Clinical inertia is described as the lack of treatment intensification for a patient not currently at the evidence-based goals for care (O’Connor et al., 2008). Clinical inertia largely occurs in chronic diseases, with one of the most important factors contributing to clinical inertia being physician-related factors (Verhestarten et al., 2021). This lack of treatment intensification may be strongest for patients with longstanding HFrEF since some physicians may feel the patient is doing fine and may not need to change medication. Prior research supports that the efficacy and safety of newer therapies would provide reassurance in initiating new medications in these patients (Khan et al., 2020).

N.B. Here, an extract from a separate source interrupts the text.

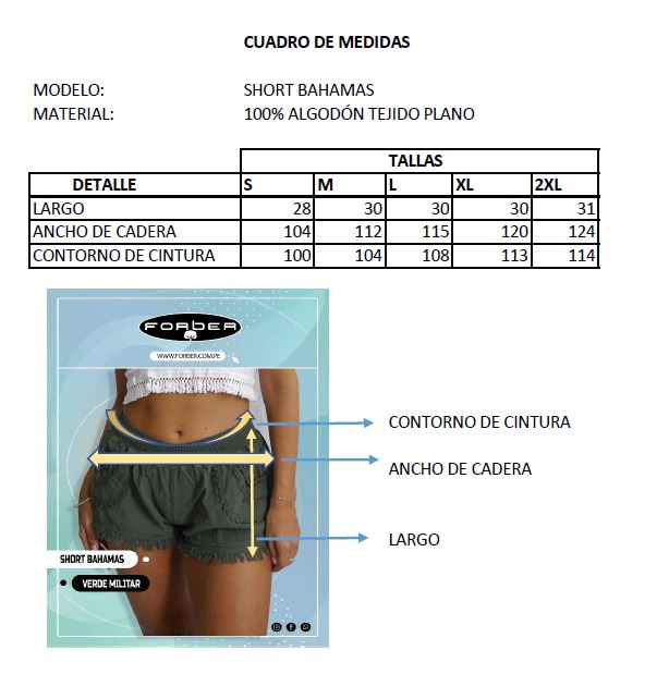SHORT DAMA “BAHAMAS” 100% ALGODÓN, DISEÑADO CON DETALLES DE BORDADOS EN LOS BOLSILLOS Y ELASTISADO ESPECIAL EN LA CINTURA.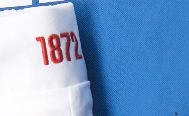In the traditional blue, with a neat white collar with red fastening detail, the shirt also carries the logo of new sponsor 32Red in white along with white Puma logos and crest, and a white partial cuff effect with the year "1872" in red - a reference to the foundation of the original incarnation.

Our study has several limitations. Surveys are subject to self-selection bias; in the case of our study, providers who opted to respond to the survey are likely more self-assured with the management of GDMT in patients with HFrEF, as reflected in the baseline confidence of the respondents. The respondents were also clinicians with many years of experience treating patients with HF. Therefore, our survey findings may not generalize to all general medicine physicians and cardiologists, especially those just entering clinical practice. While new clinicians may be more familiar with recent data, they could have less confidence due to their limited experience. Another limitation of the study would be that no data was collected on the practice setting for each physician. Additionally, our study assessed providers’ self-reported actions to hypothetical scenarios rather than measuring true prescribing behaviors for actual patient encounters where other factors often impact decision-making regarding medications, such as medication cost, pill burden, need for lab and hemodynamic monitoring, and patient willingness to adjust medications.The survey also requires physicians to select a single answer, even though physicians may choose to make more than one change for a patient in certain situations. A combination of these limitations likely explains why medication optimization appeared higher in our study and therapeutic inertia lower amongst both groups of providers as compared to “real world” data on GDMT adherence in patients with HFrEF [9].

Conclusions

The results of this survey show that cardiologists were more likely to adjust GDMT compared to general medicine physicians. Specific differences included initiation and titration of beta-blockers and ARNI. Cardiologists were more likely to initiate HYD/ISDN than general medicine physicians. Future focus on improving GDMT prescribing should target providers outside of cardiology to improve care in patients with HFrEF.